Love makes the world go ‘round but firm transportation makes production flow. It takes plenty of steel to build the takeaway infrastructure to make that happen. Thus, we have the new definition of flow assurance, although we now have to hope President Trump’s steel tariffs don’t block the flow.

Used to be, flow assurance meant making sure oil and gas could move unimpeded through an offshore pipeline without paraffin or hydrate buildup, corrosion or freezing ocean temperatures causing a transportation slowdown. Naturally, high costs are associated with preventing or remediating any flow problems.

Today however, flow assurance has taken on a whole new meaning. In shale basins, particularly in the Marcellus Shale and lately, the Permian, it’s about flow to export terminals—and cash flow. The timeliness of bringing on additional pipeline capacity in these two areas will affect producers’ bottom lines—and has international trade implications.

Increasingly this summer, CEOs are talking about firm transportation. In research notes, analysts mention this issue just as often as they do the usual data points such as wells turned to sales, production guidance, cash flow and so on. Can an E&P assure that its oil and gas will flow?

“On the midstream front, we expect WPX Energy [Inc.] to continue to tout its advantageous position relative to its Permian peers, as a combo of basis hedges/offtake agreements leaves only 5% of crude volumes exposed to Midland spot pricing in 2018,” said a Tudor, Pickering, Holt & Co. research note.

In July, Noble Energy Inc. announced additional firm sales agreements for five years for its Delaware Basin production, beginning July 2018 at 10,000 barrels per day and ramping to 20,000 in October. “This agreement locks down flow assurance for NBL in the Delaware,” said a Simmons & Co. note.

But let’s turn to the Marcellus, where problems with takeaway capacity have been well documented.

Don’t cry for natural gas powerhouse Cabot Oil & Gas Corp. though, which is producing 1.8 billion cubic feet of gas per day (Bcf/d) in northeast Pennsylvania. Despite years of pipeline delays and price differential challenges that plagued the region, “the inflection point for Cabot is coming, and thank goodness,” said Dan Dinges, chairman, president and CEO.

Speaking to the Houston Producers’ Forum recently, he said, “The growth rate in gas supply out of the Northeast is tremendous and will continue, but what we need is more demand.”

The Williams Cos. Inc.’s long-awaited Atlantic Sunrise Pipeline should come online in September, he said, moving Cabot’s gas to a Transco line in southern Pennsylvania. Cabot has 1 Bcf/d of firm transportation on it. “We already have that gas sold on several 15- to 20-year contracts. Our realizations are going to improve.”

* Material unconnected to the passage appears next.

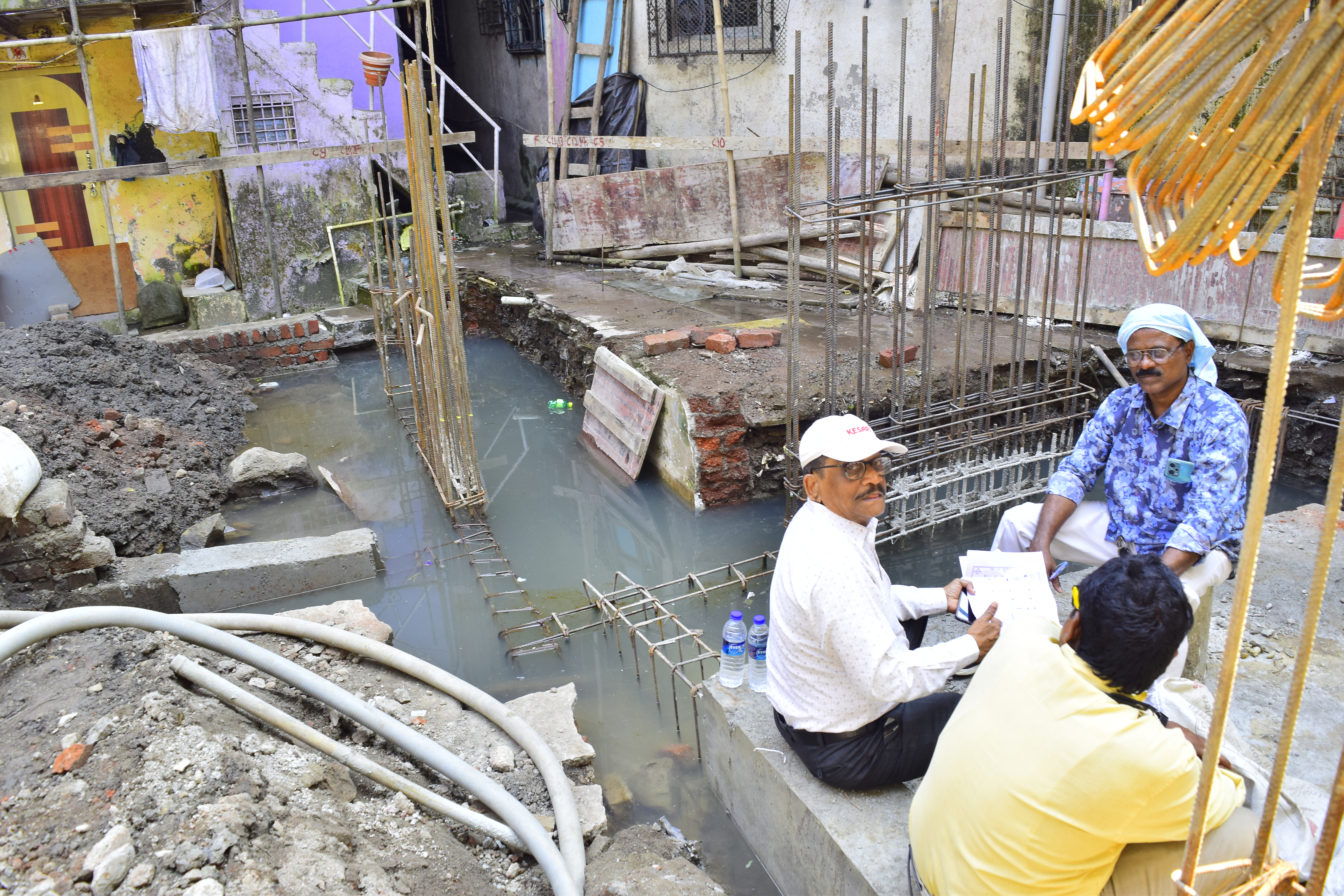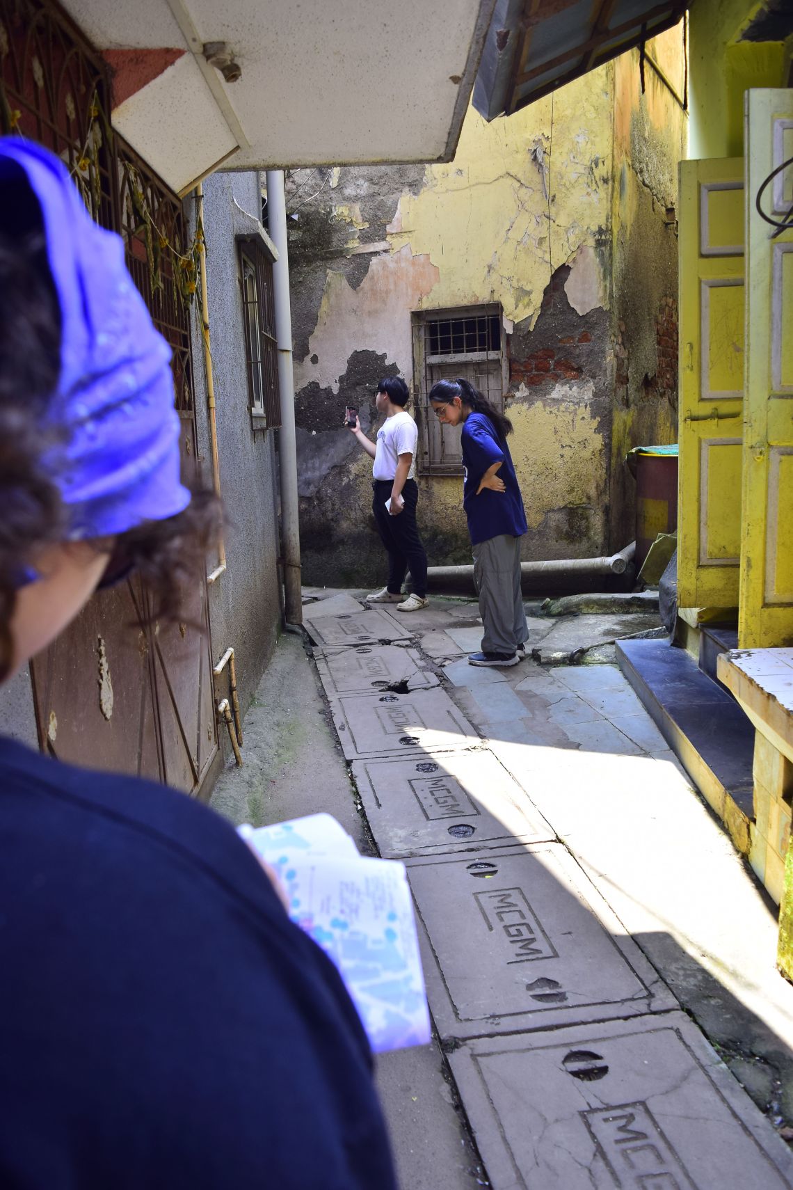 A meeting with the Dharavi Koli Jamat helped the group focus their attention on a smaller but relevant need that they could address without buy-in and investment from the municipality - a solution for the crumbling pedestrian infrastructure. The paths through the village are essentially all pedestrian and inseparable from the network of pipes and drains. Many drains also function as footpaths.

Dinges cited some 14 oil and gas pipelines in the Appalachian Basin that have experienced protests and regulatory delays. “Companies produce 8 Bcf/d in a six-county area but the pipelines are not keeping up. We’re trying to break the logjam, but it’s affecting all of us, not just to access demand but to narrow the differentials … and prevent a loss of proceeds.”

Since Cabot started drilling in the Marcellus in 2008 to 2009 (when production in the Barnett Shale was peaking), it has had to wait on takeaway capacity and face legal challenges, water quality issues and fraught community relations.

Even so, from 2012 to 2017, Cabot’s gas production compound annual growth rate has been 22% on a debt-adjusted, per-share basis. Currently the company is operating three rigs and two frack crews.

Cabot’s production now stands at 2.1 Bcf/d, with 561 net producing horizontal wells, but Dinges said he is confident Cabot can grow production above 3.75 Bcf/d by 2020. He’s optimistic based on operating in what he called good rock. The company’s EURs are 4.4 Bcfe per 1,000 feet of lateral in the lower Marcellus and 3.9 Bcfe in the upper Marcellus.

Cabot can sell via new pipelines and directly to some new gas-fired power plants in the basin, with firm transportation arranged. Flow assurance.

In 2017, the company’s all-sources finding and development cost in the Marcellus was a mere 22 cents per Mcf. It has continued to trim its costs and lower its breakeven hurdle. “Our overall all-in operating cost including non-cash expenses like G&A and DD&A is $1.58/Mcf,” he said.

One could say Cabot is sitting pretty. It’s reported eight consecutive quarters of free cash flow. The company has 9.7 Tcfe of proves reserves and 3,000 undrilled locations. “That’s more than 35 years of runway ahead of us,” he said. In addition, debt has been trimmed to 0.5x EBITDA. Moving now to larger drill pads and Gen 5 completion design, which he said he hopes yields even more than the 2.9 Bcfe.

The bottom line is that for every oil and gas producer, flow assurance via firm sales and price protection via basis differential hedging will be the keys. Go with the flow.